How to Cold Call to Get Hair & Makeup Jobs

So what is a cold call you might ask? A cold call is a common term used in business that refers to calling people you don’t know in order to find work. I know it may not sound appealing. To some of you it probably sounds down right frightening. I once had an assistant who didn’t even feel comfortable calling up new members of The Hair & Makeup Artist Network to welcome them to the network. She said, “I don’t like those types calls where your are telling them, hi I’m calling you, you don’t know me, but….” It was simply too far outside of her comfort zone to do it. But what if you don’t have any clients and you really don’t know a whole lot of people who can refer you work? What do you do? This is something you will have to face at some point of your career if not many times.
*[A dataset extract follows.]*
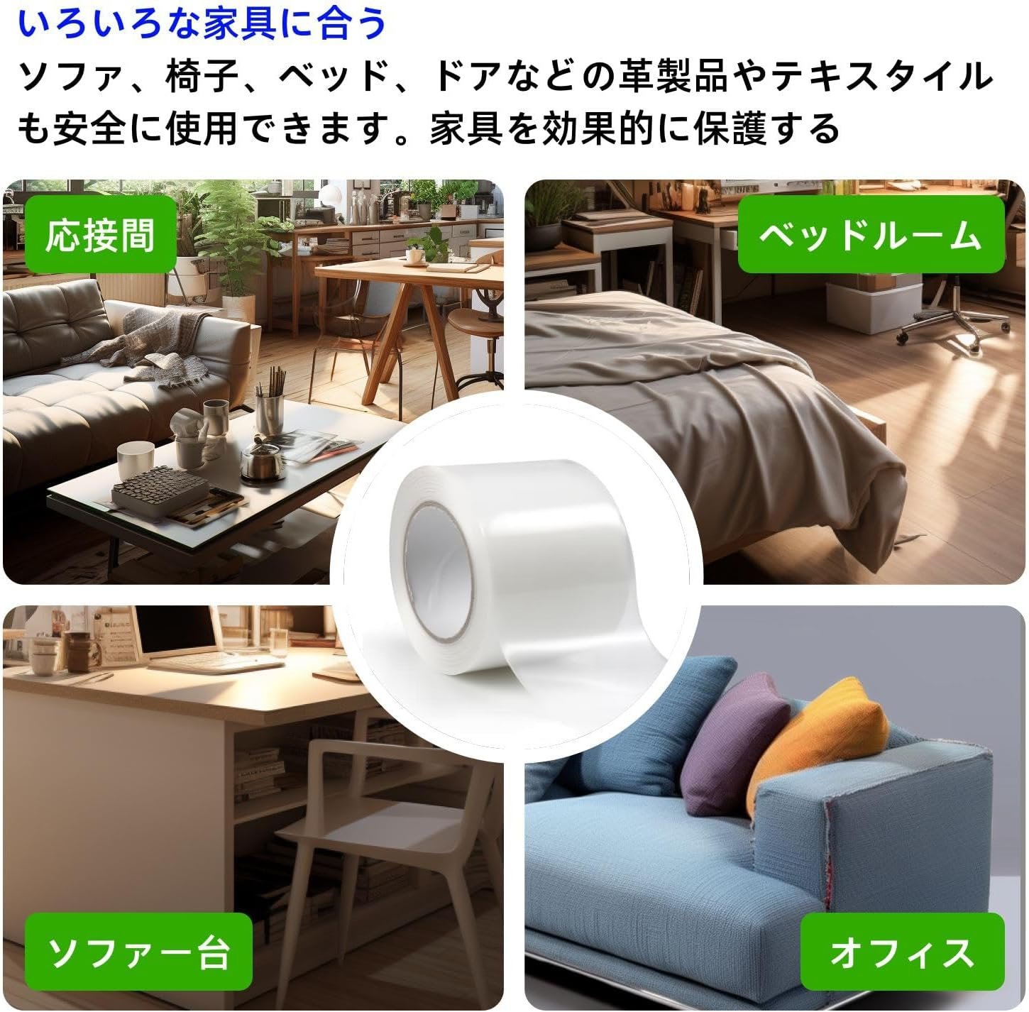 幅広いアプリケーション:ソファ、椅子、ベッド、ドアなどの革製品やテキスタイルで安全に使用できます。家具プロテクターテープは、猫の傷から家具を保護します

We are self-employed. This means we have to hunt down the work. I don’t care if you are just getting out of school or if you have been working for a while. You will have to hustle to get the jobs and it doesn’t stop. Clients come and go. Production companies open and close and production people change jobs everyday. So the job search never stops. Here is how you find the job through cold calling:

1. Decide what type of work you really want to do (film, TV, print, commercial celebrity)
2. Make a list of companies or photographers you would like to work for
3. Call the company and find out who hires for Hair or Makeup (if you already don’t know)
4. Ask the person if they are crewing up for anything in the near future or ask if they have any projects coming up
5. Tell the person you would like to send over a link to your website
6. Only send a link to the page/ pages that are most relevant to the work the company or photographer does (if you can)
7. Ask what is the best way and time to follow up
8. Add this person or company into your contact database (outlook or entourage is really great for this)
9. Make a note to follow up at the time suggested in the conversation
10. Make sure you follow up on a regular basis (this is best either once a month or especially when you have new work to show)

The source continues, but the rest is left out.